▶ **Supplied data**
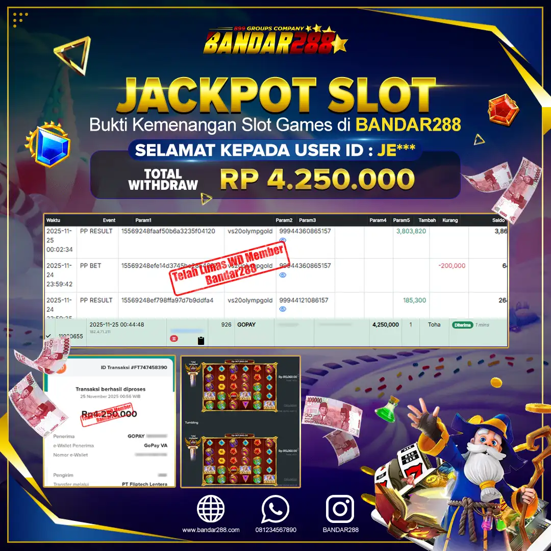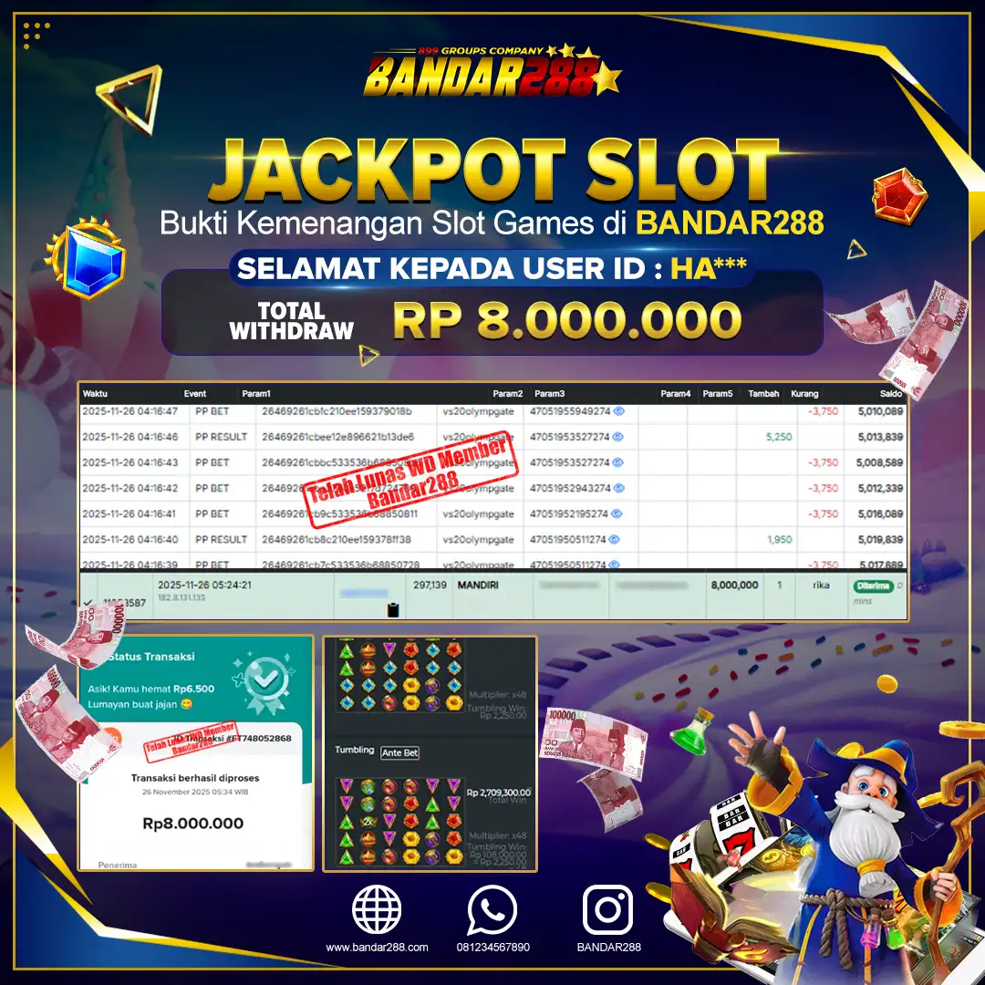 Bukti kemenangan member adalah bukti bahwa anda juga berhak atas semua kemenangan yang ada di situlive casino gampang jackpot Bandar288.
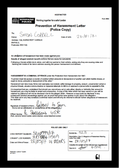 behaviour and to see if they rehouse them. The 03rd of January 2017 the Enfield council claim that they
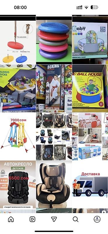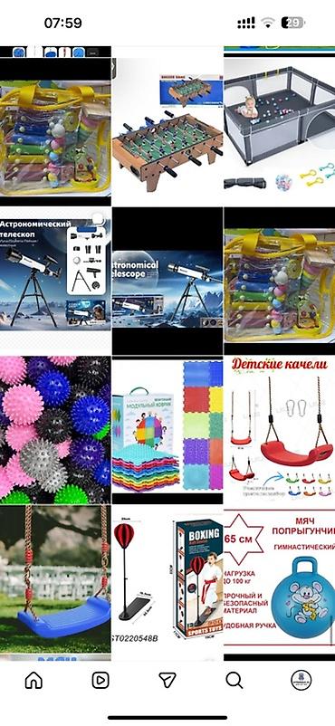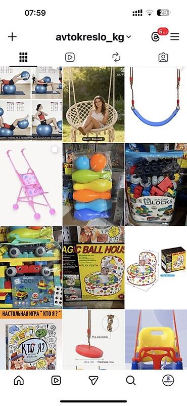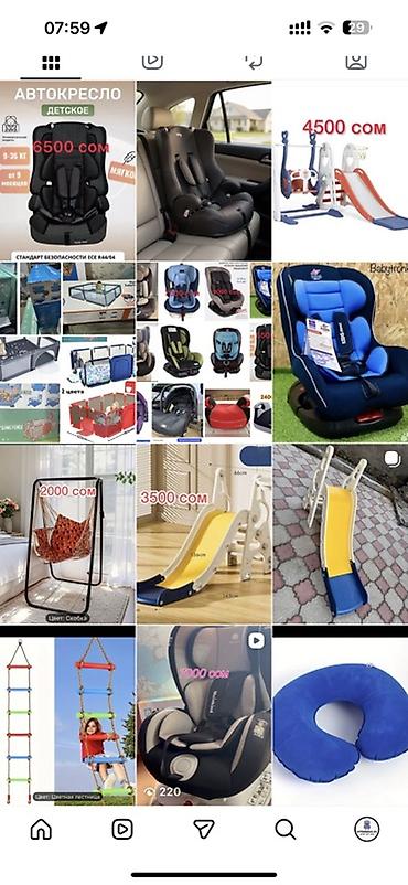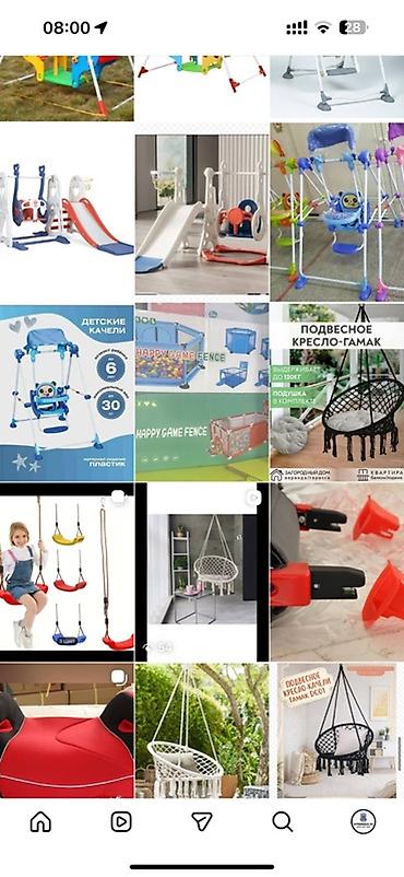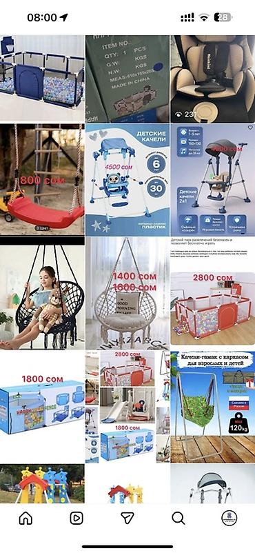 Дополнительно в ассортименте: детские качели, горки, игровые манежи, подвесные кресла-гамаки и другие товары для детей (на отдельных фото указаны цены 4500 сом, 3500 сом, 2800 сом, 2000 сом, 1800 сом и др.).
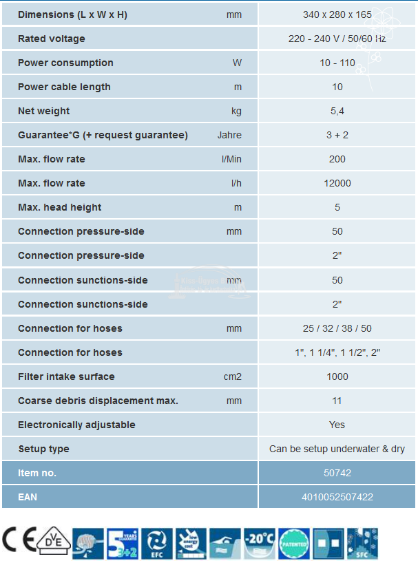 Oase AquaMax Eco Prémium 12000 szűrőtápláló és patak szivattyú, fordulatszabályzási lehetőséggel, 2 szívócsonkkal, 12.000L/h

▶ **Exercise description**
Write out each line of the data above exactly, starting at the top and finishing with the line containing "Дополнительно в ассортименте: детские"; omit the pictures.

▶ **Result of the task**
 Bukti kemenangan member adalah bukti bahwa anda juga berhak atas semua kemenangan yang ada di situlive casino gampang jackpot Bandar288.
 behaviour and to see if they rehouse them. The 03rd of January 2017 the Enfield council claim that they
 Дополнительно в ассортименте: детские качели, горки, игровые манежи, подвесные кресла-гамаки и другие товары для детей (на отдельных фото указаны цены 4500 сом, 3500 сом, 2800 сом, 2000 сом, 1800 сом и др.).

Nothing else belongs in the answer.